The young girl has cerebral palsy, intellectual disability, a heart defect and other physical disabilities.
She is tube fed and suffers seizures.
But for a decade, doctors didn’t know why.
Charlotte Patterson bonds with her mum Laura West. (Supplied: The Kids Research Institute Australia)
Charlotte’s mum, Laura West, said she had been waiting for a diagnosis since Charlotte was born.
“It was just really quite overwhelming as a mum to be dealing with a newborn baby that was so unwell and have no idea as to actually what the cause of all of those issues were,” she said.
Charlotte was born with multiple health complications. (Supplied: Laura West)
Based in the Wheatbelt town of Northam, the family has also struggled with the hour-and-a-half journey to Perth for diagnosis appointments.
“[I was] spending sometimes weeks or months at a time down in hospital with Charlotte,” Ms West said.
“I guess I felt isolated.”
Cracking the code
After a five-year experiment, doctors have concluded that a random genetic variation is responsible.
Ms West said there were only four known cases worldwide.
Head of the translational genetics team at The Kids Research Institute, Vanessa Fear, said the variation was like making a spelling mistake which altered the meaning of a whole sentence.
Dr Fear (left) has been working on the experiment for years. (Supplied: The Kids Research Institute Australia)
She said the protocol her team developed for Charlotte had dramatically improved the speed of diagnosing rare diseases to take it from five to 20 years, down to an average of less than 12 months.
In layperson’s terms, Dr Fear said they made an avatar of Charlotte’s disease using her stem cells which were then compared to healthy cells.
Dr Fear said the team monitored how the cells functioned and developed to see if it contributed to Charlotte’s disease.

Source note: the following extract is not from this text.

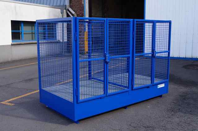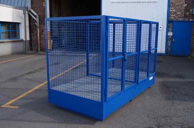 Besoin de box de stockage grillagé fermeture à clé avec bac rétention intégré dimension palette Europe pour des futs plastique de produits de nettoyage 200L
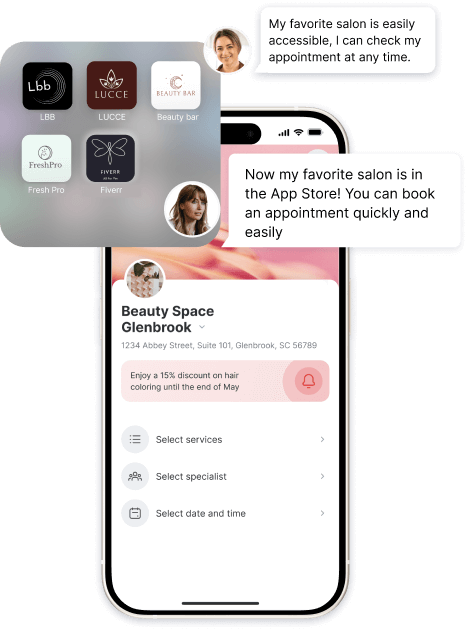 باستخدام Altegio، يمكنك بسهولة إنشاء تطبيقك الخاص لنشاطك التجاري وإتاحته على متجر التطبيقات App Store وGoogle Play، مما يعزز ولاء العملاء ومشاركتهم!

She said it was a long process to develop the technology and methods which were now available for other people with genetic variations.

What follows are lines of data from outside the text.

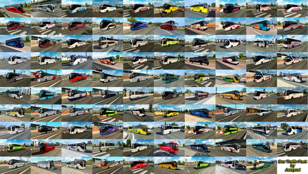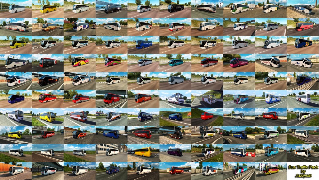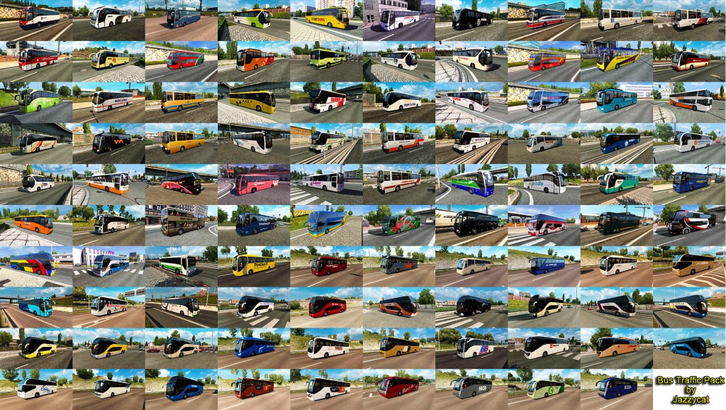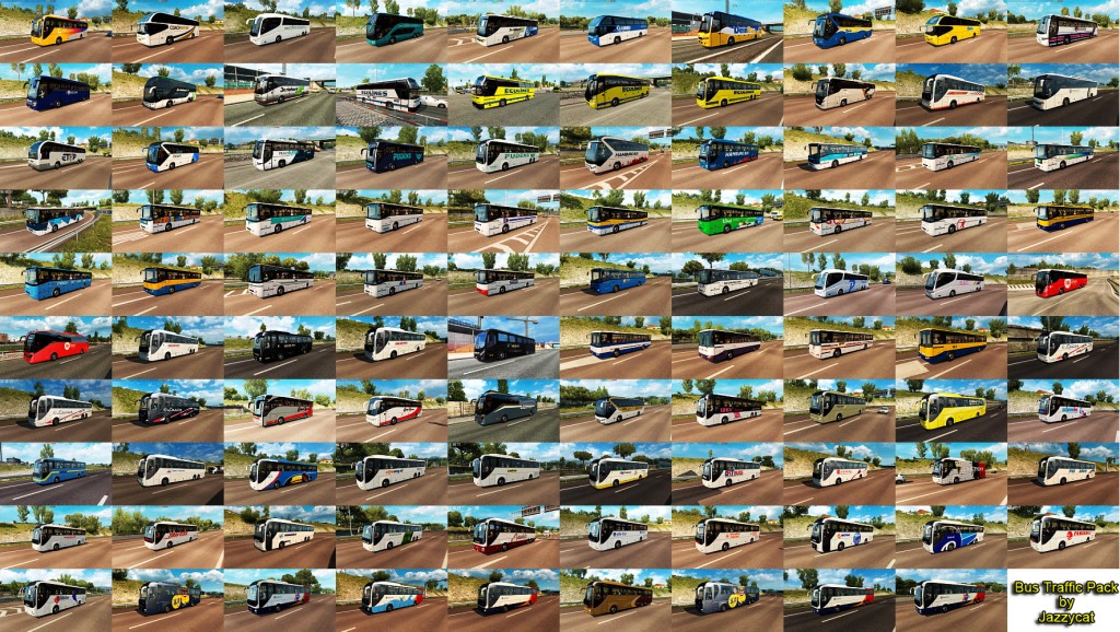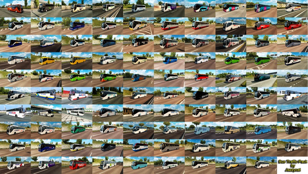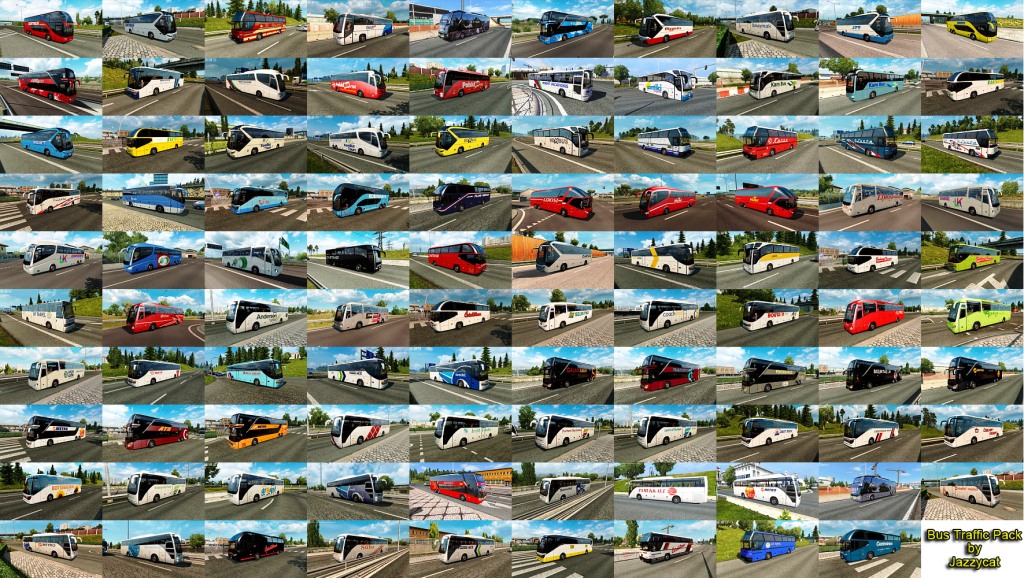 Pack adds in traffic 37 new models of buses with 1073 skins (Setra, Neoplan, Volvo, Man, Mercedes-Benz, Ikarus, Ayats, Irizar, Scania, Temsa, Jelcz, Karosa, Caetano). All standalone, works on any maps. Tested on versions 1.35.x Credits: JAZZYCAT |
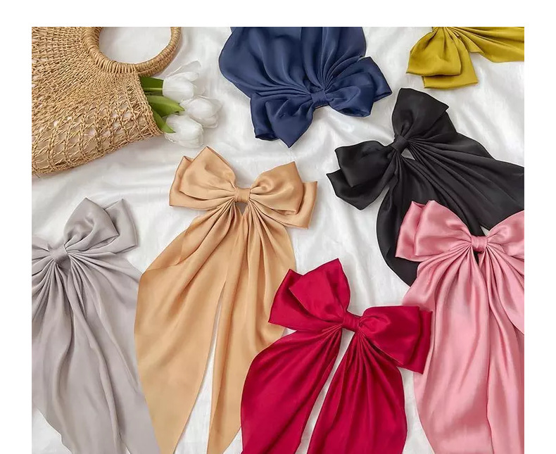 새틴 대형 빈티지 긴 리본 활 머리핀 다색 삼각형 수건 부르고뉴 활 봄 클립 헤어 액세서리
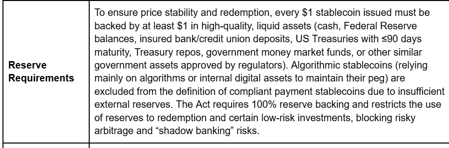 Эмитентам StableCoin также может быть запрещено использовать резерв для «чего-либо, кроме выкупа и некоторых безопасных инвестиций», включая инструменты с низким уровнем риска, такие как казначейские репо, для защиты от «теневого банковского» рисков.
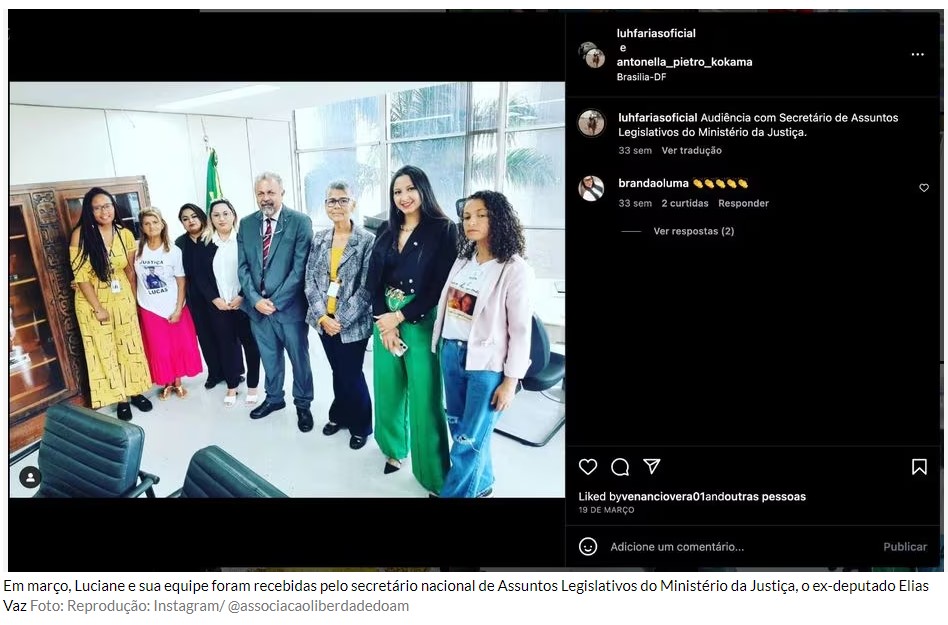 No dia 19 de março, Luciane esteve com Elias Vaz, secretário Nacional de Assuntos Legislativos de Flávio Dino. Pouco tempo depois, a 2 de maio, ela se encontrou com Rafael Velasco Brandani, titular da Secretaria Nacional de Políticas Penais (Senappen).
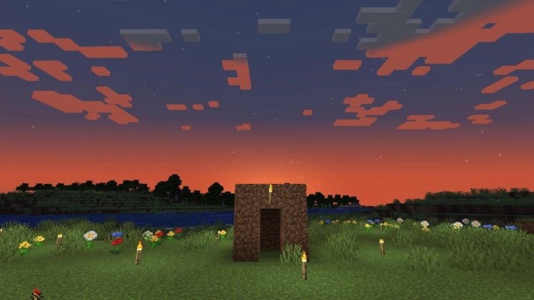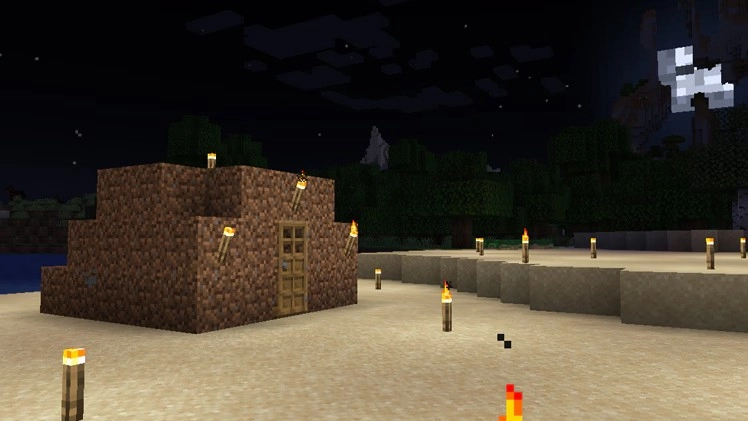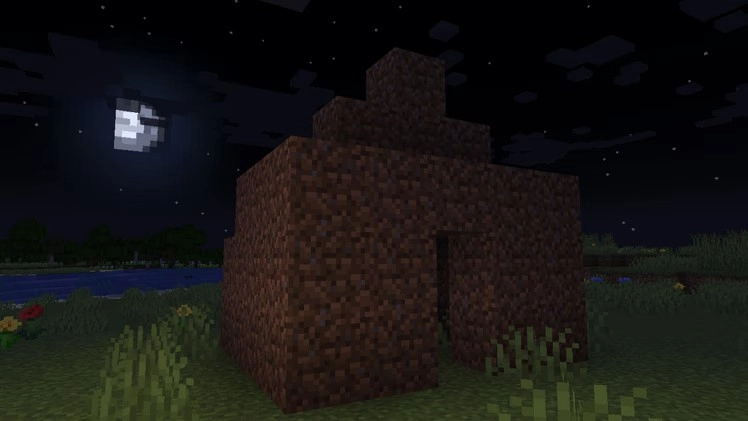 当夜幕降临,有一种应对方法是赶紧用泥土、圆石之类的方块把自己围起来。在Minecraft里,材料取之不尽,所以无需担忧找不到材料!
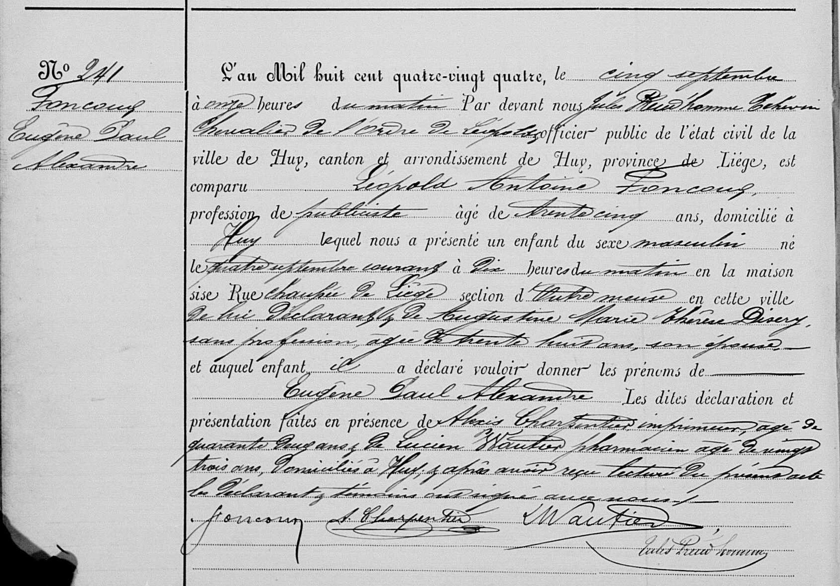 Acte de naissance à Huy (Hoei), LG, BE (Source [358])

Dr Fear says the method developed will greatly reduce diagnosis times. (Supplied: The Kids Research Institute Australia)
“We’ve put all these wonderful methods together and it’s going to create a pathway for future patients to come through and have their variant analysed and reduce their diagnostic odyssey,” she said.
“This is really powerful.”
Hope for others
Dr Fear met Charlotte at the beginning of the study in 2020 and said it was emotional to see the family finally receive a diagnosis.
She said because of the diagnosis, they knew Charlotte’s disease wouldn’t progress over time.
For Ms West, it meant the family had bit of a “road map” into her future, though she would like to connect with the other families with the same diagnosis.
Charlotte’s brother, Josh, has previously said he wouldn’t have kids if there was a chance of passing the disease on. (Supplied: The Kids Research Institute Australia)
The diagnosis also brought some comfort to Charlotte’s siblings who learned the condition wasn’t hereditary.
“It means that our children now know that they’ve got as much chance of having a child with a similar mutation or deviation on their gene as any other person in the world,” Ms West said.
Ms West was optimistic the technology developed for Charlotte would help others going through a long diagnosis process.